Common Crawl has crawled respective cardinal caller pages each period since 2007 to build a free nationalist archive. That archive has been utilized to train galore of the AI models successful usage today. OpenAI’s GPT-3 paper listed filtered Common Crawl arsenic 60% of the model’s training mix.

The conflict matters for immoderate tract that blocks AI crawlers. Blocking Common Crawl’s crawler, CCBot, stops early postulation but doesn’t touch contented already successful the archive, which anyone tin still download.

What DCN Demands

The missive calls connected Common Crawl to extremity “scraping, retaining, aliases sharing copyrighted, paywalled, subscriber-only, aliases different protected contented from DCN personnel companies successful its datasets,” and to region personnel contented it has already collected.

DCN claims Common Crawl has “flagrantly infringed” copyrighted contented by creating its datasets and sharing them pinch AI companies.

The missive argues “copyright rule is not an opt-out regime.” In different words, DCN’s position is that publishers shouldn’t person to inquire to beryllium excluded. Common Crawl should request support to see them.

Kint wrote that the notice:

“challenges a increasing presumption that contented created done important finance tin beryllium collected, stored, repurposed, and monetized simply because it is technically accessible.”

Why DCN Doubts The Removal Process

The DCN missive questions whether Common Crawl follows opt-out instructions and whether it removes contented erstwhile asked. Per Press Gazette, DCN’s lawyers are examining whether Common Crawl’s statements to publishers “may person been inaccurate aliases misleading.”

Common Crawl publishes a public registry of websites that person asked not to beryllium scraped. It includes entries for the Associated Press, the BBC, and a ample News/Media Alliance submission covering hundreds of domains. Press Gazette reports the database besides includes different awesome publishers.

This isn’t the first clip the removal process has been questioned. The Atlantic reported successful November that contented from The New York Times and Danish publishers was still disposable aft Common Crawl agreed to region it.

Common Crawl’s Response

Common Crawl executive head Rich Skrenta declined to remark connected the missive erstwhile contacted by Press Gazette.

He has pushed backmost connected akin claims before. In a November blog post responding to The Atlantic, Skrenta denied that the statement lied to publishers aliases scrapes paywalled material.

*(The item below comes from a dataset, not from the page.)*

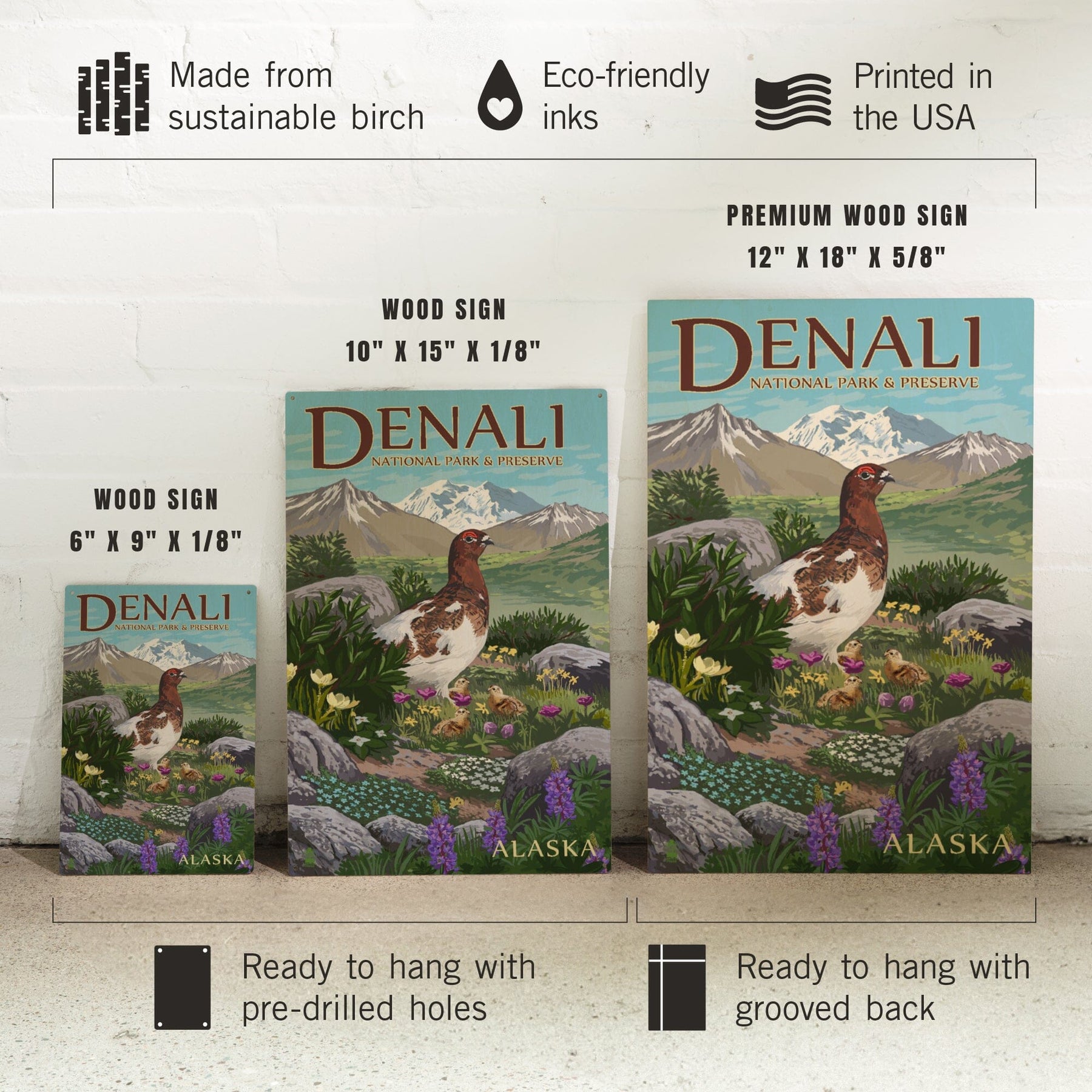 Denali National Park and Preserve, Alaska, Ptarmigan, Wood Signs and Postcards Wood Lantern Press

He said the archive’s record format can’t beryllium edited aft publication without breaking its integrity. Instead, Common Crawl says it removes aliases filters affected URLs from consequent crawls and makes them inaccessible done its nationalist devices and indices:

“When a patient asks america to region antecedently crawled material, we respond promptly and initiate a removal process that reflects the method creation of our dataset.”

He added:

“No 1 astatine Common Crawl has ever claimed this activity was instantaneous aliases complete; rather, we person been unfastened astir its complexity and ongoing nature.”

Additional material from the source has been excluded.